**REQUIRED ACTION**.
Output every record below exactly.

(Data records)
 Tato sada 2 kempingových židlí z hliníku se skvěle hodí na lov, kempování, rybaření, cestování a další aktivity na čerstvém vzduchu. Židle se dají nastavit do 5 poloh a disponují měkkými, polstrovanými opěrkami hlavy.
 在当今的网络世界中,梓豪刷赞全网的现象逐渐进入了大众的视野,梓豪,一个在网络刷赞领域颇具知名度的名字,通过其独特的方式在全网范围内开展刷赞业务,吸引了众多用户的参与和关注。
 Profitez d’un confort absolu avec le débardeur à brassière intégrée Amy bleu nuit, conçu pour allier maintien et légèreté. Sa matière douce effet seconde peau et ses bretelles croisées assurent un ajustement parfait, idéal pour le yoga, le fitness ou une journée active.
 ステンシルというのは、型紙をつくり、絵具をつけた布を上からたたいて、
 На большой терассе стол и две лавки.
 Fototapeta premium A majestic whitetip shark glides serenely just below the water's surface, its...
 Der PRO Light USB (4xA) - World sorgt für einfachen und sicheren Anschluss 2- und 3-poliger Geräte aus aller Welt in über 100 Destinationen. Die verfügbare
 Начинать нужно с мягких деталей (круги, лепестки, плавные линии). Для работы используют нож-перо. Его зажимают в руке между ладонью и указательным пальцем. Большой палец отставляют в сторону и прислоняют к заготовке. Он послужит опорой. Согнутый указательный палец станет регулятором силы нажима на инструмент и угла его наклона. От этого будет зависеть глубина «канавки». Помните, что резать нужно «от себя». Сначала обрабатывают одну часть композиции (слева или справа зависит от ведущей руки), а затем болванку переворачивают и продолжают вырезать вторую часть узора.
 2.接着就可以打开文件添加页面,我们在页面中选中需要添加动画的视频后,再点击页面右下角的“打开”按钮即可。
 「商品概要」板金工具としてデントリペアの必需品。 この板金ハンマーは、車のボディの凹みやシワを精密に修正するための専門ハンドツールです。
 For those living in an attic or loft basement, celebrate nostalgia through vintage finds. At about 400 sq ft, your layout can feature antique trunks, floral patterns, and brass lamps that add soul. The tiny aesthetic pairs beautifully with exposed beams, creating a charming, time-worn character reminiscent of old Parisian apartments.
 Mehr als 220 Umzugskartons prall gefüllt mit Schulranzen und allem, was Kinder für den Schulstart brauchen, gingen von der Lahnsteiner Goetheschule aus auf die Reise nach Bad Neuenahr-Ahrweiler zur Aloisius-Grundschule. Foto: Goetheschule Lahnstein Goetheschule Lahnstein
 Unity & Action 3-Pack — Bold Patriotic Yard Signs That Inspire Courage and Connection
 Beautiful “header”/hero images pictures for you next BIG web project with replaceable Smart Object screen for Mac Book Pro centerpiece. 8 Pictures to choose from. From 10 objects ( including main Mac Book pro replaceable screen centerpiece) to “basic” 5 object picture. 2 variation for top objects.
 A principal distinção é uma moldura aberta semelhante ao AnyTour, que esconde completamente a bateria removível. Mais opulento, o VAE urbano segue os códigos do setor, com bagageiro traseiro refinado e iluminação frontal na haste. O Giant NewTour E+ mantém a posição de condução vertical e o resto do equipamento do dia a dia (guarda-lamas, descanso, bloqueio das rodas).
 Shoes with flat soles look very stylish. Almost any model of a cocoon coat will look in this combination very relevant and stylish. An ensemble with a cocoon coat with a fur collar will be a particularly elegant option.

**RESULT OF THIS TASK**.
 Tato sada 2 kempingových židlí z hliníku se skvěle hodí na lov, kempování, rybaření, cestování a další aktivity na čerstvém vzduchu. Židle se dají nastavit do 5 poloh a disponují měkkými, polstrovanými opěrkami hlavy.
 在当今的网络世界中,梓豪刷赞全网的现象逐渐进入了大众的视野,梓豪,一个在网络刷赞领域颇具知名度的名字,通过其独特的方式在全网范围内开展刷赞业务,吸引了众多用户的参与和关注。
 Profitez d’un confort absolu avec le débardeur à brassière intégrée Amy bleu nuit, conçu pour allier maintien et légèreté. Sa matière douce effet seconde peau et ses bretelles croisées assurent un ajustement parfait, idéal pour le yoga, le fitness ou une journée active.
 ステンシルというのは、型紙をつくり、絵具をつけた布を上からたたいて、
 На большой терассе стол и две лавки.
 Fototapeta premium A majestic whitetip shark glides serenely just below the water's surface, its...
 Der PRO Light USB (4xA) - World sorgt für einfachen und sicheren Anschluss 2- und 3-poliger Geräte aus aller Welt in über 100 Destinationen. Die verfügbare
 Начинать нужно с мягких деталей (круги, лепестки, плавные линии). Для работы используют нож-перо. Его зажимают в руке между ладонью и указательным пальцем. Большой палец отставляют в сторону и прислоняют к заготовке. Он послужит опорой. Согнутый указательный палец станет регулятором силы нажима на инструмент и угла его наклона. От этого будет зависеть глубина «канавки». Помните, что резать нужно «от себя». Сначала обрабатывают одну часть композиции (слева или справа зависит от ведущей руки), а затем болванку переворачивают и продолжают вырезать вторую часть узора.
 2.接着就可以打开文件添加页面,我们在页面中选中需要添加动画的视频后,再点击页面右下角的“打开”按钮即可。
 「商品概要」板金工具としてデントリペアの必需品。 この板金ハンマーは、車のボディの凹みやシワを精密に修正するための専門ハンドツールです。
 For those living in an attic or loft basement, celebrate nostalgia through vintage finds. At about 400 sq ft, your layout can feature antique trunks, floral patterns, and brass lamps that add soul. The tiny aesthetic pairs beautifully with exposed beams, creating a charming, time-worn character reminiscent of old Parisian apartments.
 Mehr als 220 Umzugskartons prall gefüllt mit Schulranzen und allem, was Kinder für den Schulstart brauchen, gingen von der Lahnsteiner Goetheschule aus auf die Reise nach Bad Neuenahr-Ahrweiler zur Aloisius-Grundschule. Foto: Goetheschule Lahnstein Goetheschule Lahnstein
 Unity & Action 3-Pack — Bold Patriotic Yard Signs That Inspire Courage and Connection
 Beautiful “header”/hero images pictures for you next BIG web project with replaceable Smart Object screen for Mac Book Pro centerpiece. 8 Pictures to choose from. From 10 objects ( including main Mac Book pro replaceable screen centerpiece) to “basic” 5 object picture. 2 variation for top objects.
 A principal distinção é uma moldura aberta semelhante ao AnyTour, que esconde completamente a bateria removível. Mais opulento, o VAE urbano segue os códigos do setor, com bagageiro traseiro refinado e iluminação frontal na haste. O Giant NewTour E+ mantém a posição de condução vertical e o resto do equipamento do dia a dia (guarda-lamas, descanso, bloqueio das rodas).
 Shoes with flat soles look very stylish. Almost any model of a cocoon coat will look in this combination very relevant and stylish. An ensemble with a cocoon coat with a fur collar will be a particularly elegant option.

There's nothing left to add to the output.